New regulatory framework for microinsurance (Policy Document July 2011): Key pillars • Microinsurance license under current or separate legislation • Level playing field for providers • players providing same products subject to same regulatory requirements - license open to public companies, private companies and cooperatives • Product standards and benefit limits • Risk products only, long and short-term products under same license • Life insurance limit: R50,000 • In-life (e.g. legal, unemployment) limit: R50,000 • Asset limit: R100,000 • Lower prudential standards • Minimum upfront capital of R3m • Appropriate intermediary requirements • More effective supervision and enforcement
New regulatory framework for microinsurance (Policy Document July 2011): Implementation strategy • Transitional phase of 3 years • Phase 1: • During first 12 months following enactment of the Act, nominal registration for all entities underwriting their own books without being registered as insurers. • Nominal registration will provide amnesty from regulatory prosecution for rest of 3 year period. • Phase 2: • During remainder of three years, all entities registering as microinsurers will be permitted to register with minimum capital of R1.5m – treated as provisional license holder. Capital to be built up to R3m over remainder of period. • All entities that can meet full compliance requirements may register as microinsurer any time during 3-year period.

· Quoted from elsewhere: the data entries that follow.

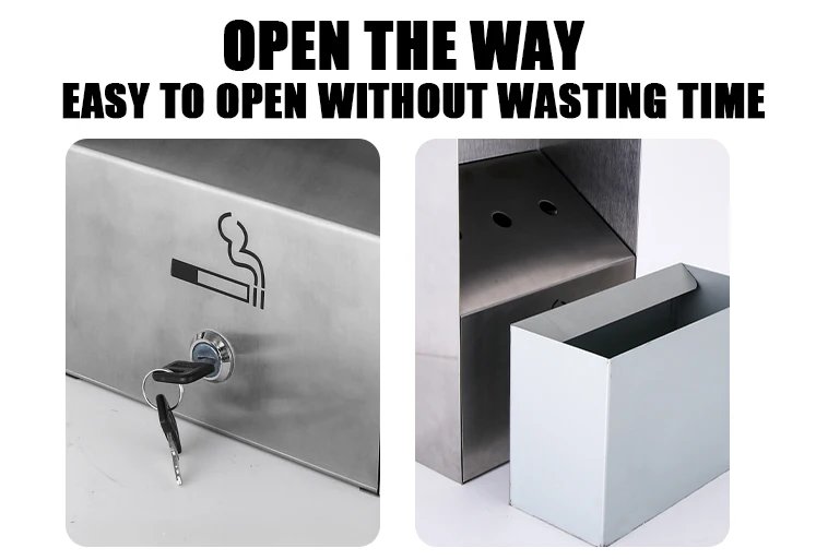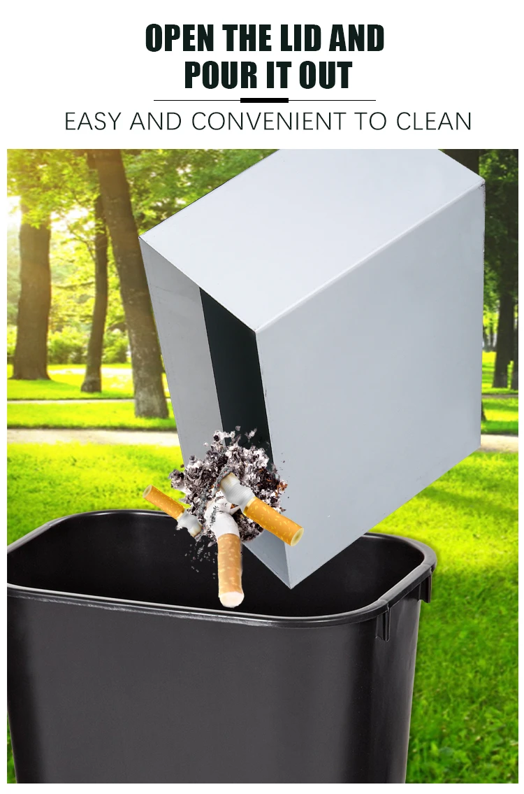 Factory Outdoor Stainless Steel Square Ashtray Receptacle Bin Wall Mounted Metal Cigarette Dust Bin
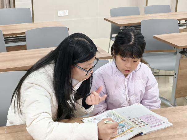 在作业辅导环节,志愿者们针对同学们在英语作业中所遇到的语法难点、词汇拼写等问题进行细致讲解。
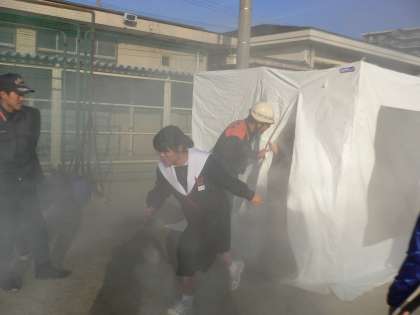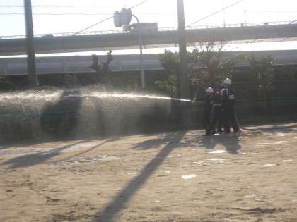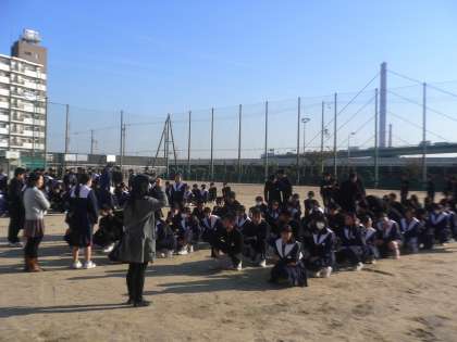 本日、住之江消防署のご協力のもと、避難訓練及び消火訓練等が行われました。3学年が避難し始めてから5分で避難が完了しました。避難訓練の後は生徒たちによる消火訓練が行われました。また、1年生は煙体験を行いました。
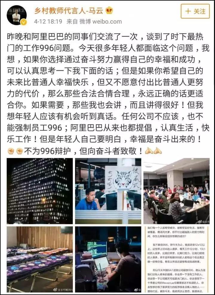 4月12日,阿里巴巴董事局主席馬云通過新浪微博再次做出解釋:“任何公司不應(yīng)該,也不能強制員工996;阿里巴巴從來也都提倡,認真生活,快樂工作!但是年輕人自己要明白,幸福是奮斗出來的!不為996辯護,但向奮斗者致敬!”
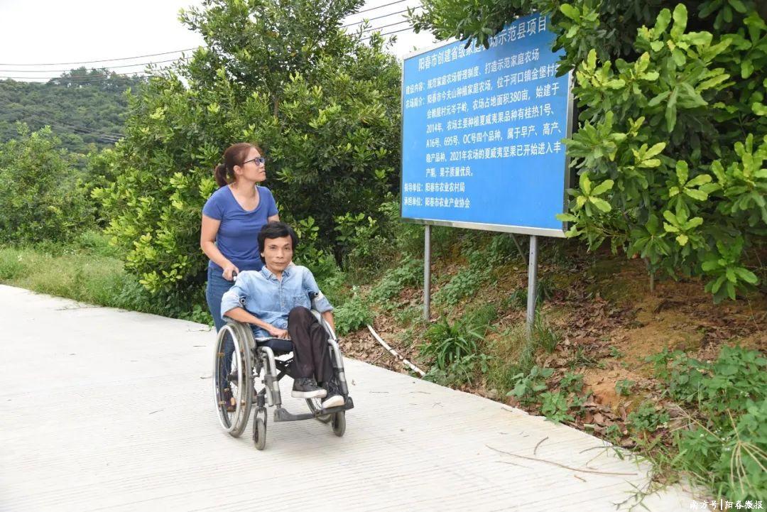 黎创,小时因病致残,2014年返乡创业。经过深入调查了解,结合气候条件、土壤质量、市场发展和本人实际情况,他决定在河口镇金堡村委会赖屋自然村租地成立“断点农业有限公司”, 创立阳春坚果(又称夏威夷果或澳洲坚果)种植实验基地。凭着坚强的意志,他用了近10年间坐着轮椅种下了一座“花果山”。
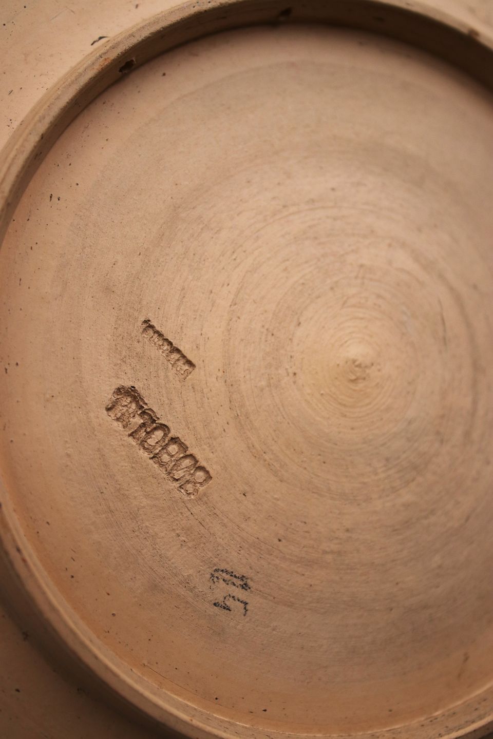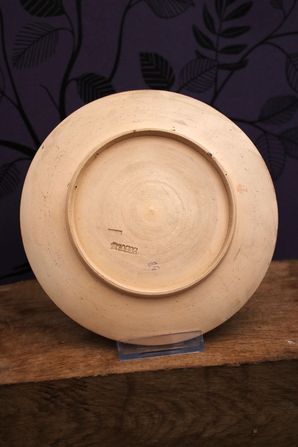 Old Christmas plate in terracotta with a motif of a family of elves gathered around rice porridge and Merry Christmas written at the bottom. Dia.: 18.5cm. Dealer
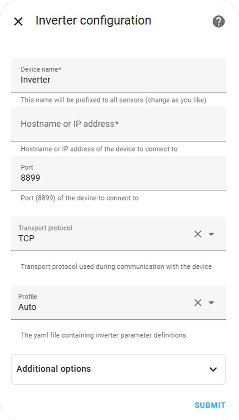 - Hostname oder IP-Adresse/Hostname or IP address: IP-Adresse des Deye-Wechselrichters eingeben Bezug der IP-Adresse des Gerätes
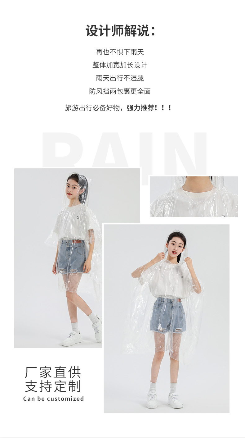 맞춤형 일회용 어린이 비옷, 야외 하이킹 후드 비옷, 경치 좋은 지역 래프팅 투명 원피스 판초스토어 가기

New regulatory framework for microinsurance (Policy Document July 2011): Implications for burial societies • Informal groups that do not guarantee cover able to continue operating informally(but must act in accordance with regulatory framework for cooperatives as supervised by dti) • When proposed membership threshold of 2,5000 reached, will need to register with FSB for microinsurance license • Microinsurance options for cooperatives: • Option 1: autonomously underwrite own risk – obtain own microinsurance license • Option 2: obtain underwriting from a licensed insurer • Option 3: consolidate under a secondary cooperative that obtains own microinsurance license • Option 4: enter into a cell captive or similar arrangement.